Но, к сожалению, в месяце марте на скорой не разомлеешь. Вызовы прут косяком. Измучены москвичи нескончаемой зимой, побиты. Задыхаются москвичи, жмет сердце у москвичей. Тощ мартовский московский воздушен, беден. И не работала в этот день Юлечка-диспетчер, и не заметил Серый, как стал белый влажный полдень и задышал западный ветер сырым молоком. И обнаружил окончательно отрезвевший Серый, что распускаются вовсю, текут грязные сугробы, что машина стоит в Филях, и сделали они с Гусевым шесть вызовов.

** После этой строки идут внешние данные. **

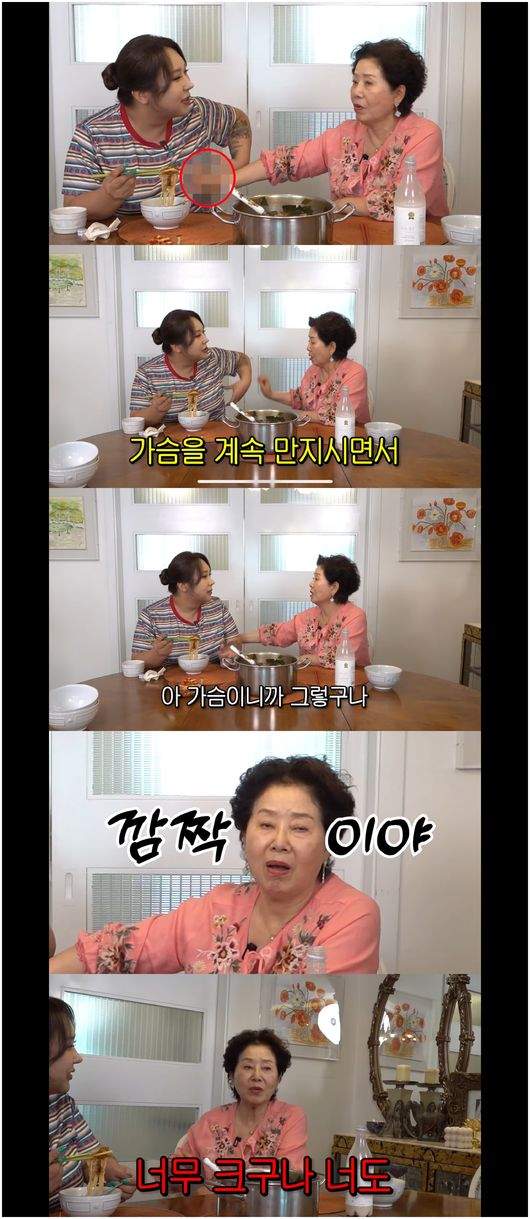 그런데 이때, 예상치 못한 상황이 벌어졌습니다! 풍자 님의 이야기를 듣던 선우용여 님이 갑자기 풍자 님의 팔뚝을 만지다가… 실수로 풍자 님의 가슴을 만지게 된 거예요! 😮 와우, 이 상황 정말 상상만 해도 너무 웃기지 않나요?
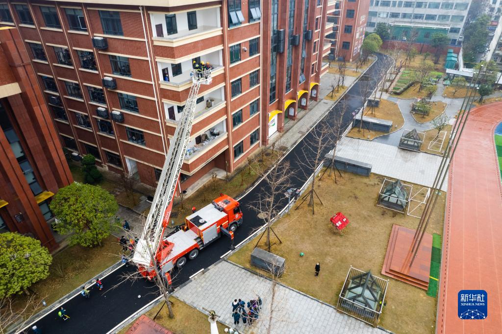 2月8日,在常德市武陵區(qū)第一小學(xué)教學(xué)樓,消防隊(duì)員在進(jìn)行高空營(yíng)救被困學(xué)生演練(無(wú)人機(jī)照片)。

Ну и ну, удивился Серый.Так работать к вечеру ноги протянешь. Гусев белесой бровью не повел, сидел букой, навалясь на баранку, кулаки под щеки.
Тебя не заставляют, сказал он, уперев взгляд вдаль, к Серому не поворачиваясь. Сиди на вызовах подольше, как другие. Чай пей. Кто понял жизнь, тот не торопится.

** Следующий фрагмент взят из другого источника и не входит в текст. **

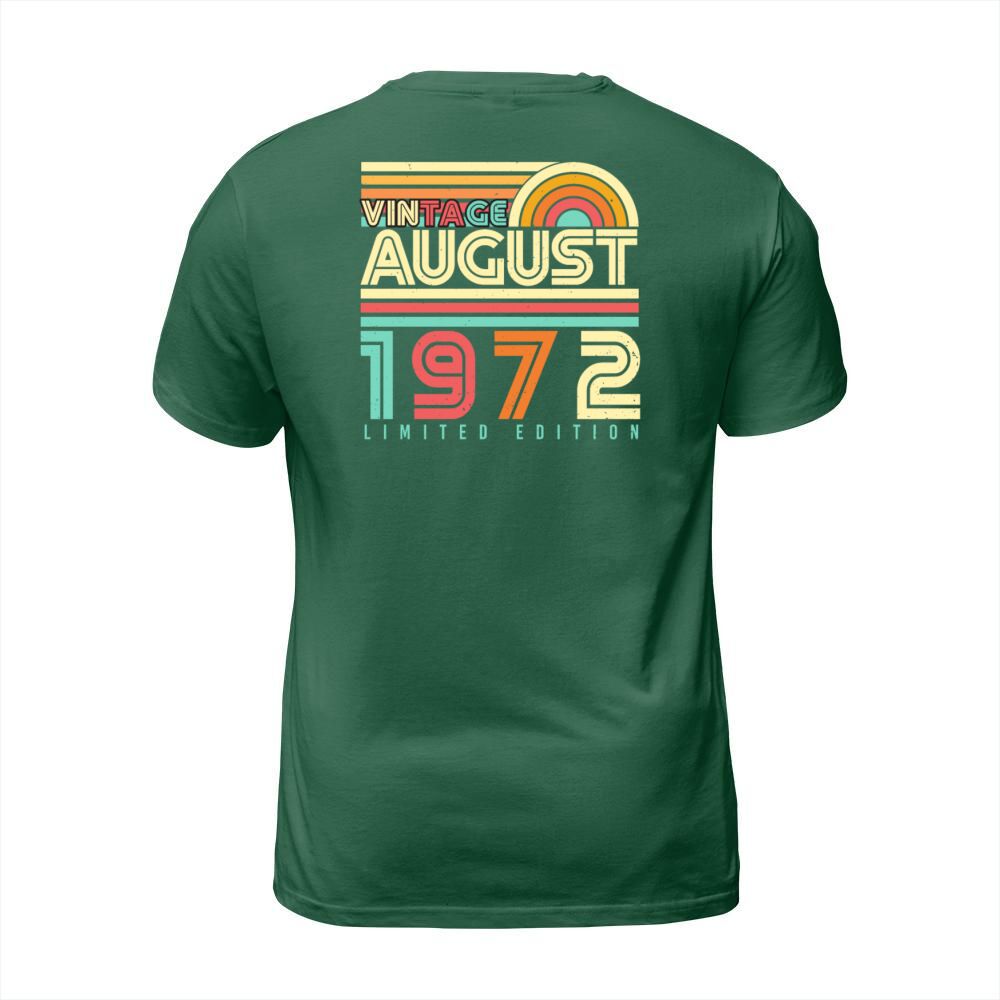 Shop 50th Anniversary August 1972 T-Shirt Unisex custom made just for you. Available on many styles, sizes, and colors.
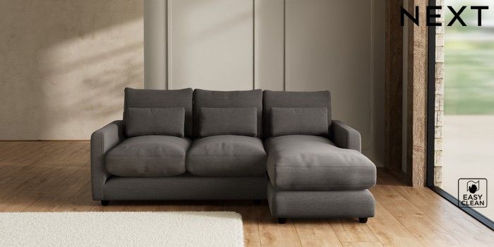 7.3.1 Buy N Premium Farndon Grand Relaxed Sit Medium Sofa Chaise - Right Hand Fine Chenille Easy Clean Dark Smoke Grey Wooden Glide - Dark from the Seasons online shop Click here to use our website with more accessibility support, for example screen readers
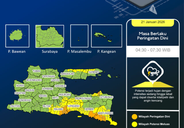 Read MorePeringatan Dini Cuaca Wilayah Jawa Timur tgl 21 Januari 2026 pkl. 04:00 WIB berpotensi terjadi hujan dengan intensitas sedang hingga
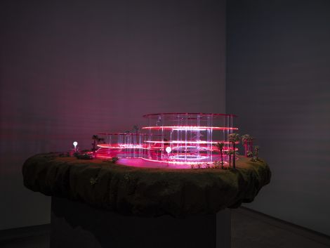 Architecture Makes Us brings together several key works across a ten year period by Melbourne-based Australian artists Sonia Leber (b.1959) and David Chesworth (b.1958), exploring craggy geographies, territorialisation, surveillance, exhausted systems and future philosophies.

Серый промолчал. Чаю он хотел, и очень хотел, и это было причиной, почему он сегодня так торопился. Чай был ему просто необходим. Ну вот, думал он, навертывая после каждого вызова номер диспетчерской, это последний, сколько можно без заезда, сейчас отпустят. На подстанции наверняка давно выкипают чайники, и нужно-то всего пятнадцать минут, не больше, чтобы заварить в граненом стакане чай, две ложки на стакан, бухнуть туда четыре куска сахару и смочить, обжигая, простуженную глотку, охрипшую от недосыпа, выкуренных с утра папирос и тех советов, что он успел надавать. Но Гусеву он объяснять этого не станет. Потому что гордец Гусев еще пылил в своем самосвале и слыхом не слыхивал, что существует такая Скорая помощь, когда Серый уже знал все секреты надувательств на линии и свои изобретал. Пусть считает доктора дурачком, рвущимся сделать побольше вызовов. Если ему нигрол ума не прибавил, капая на темечко двадцать лет!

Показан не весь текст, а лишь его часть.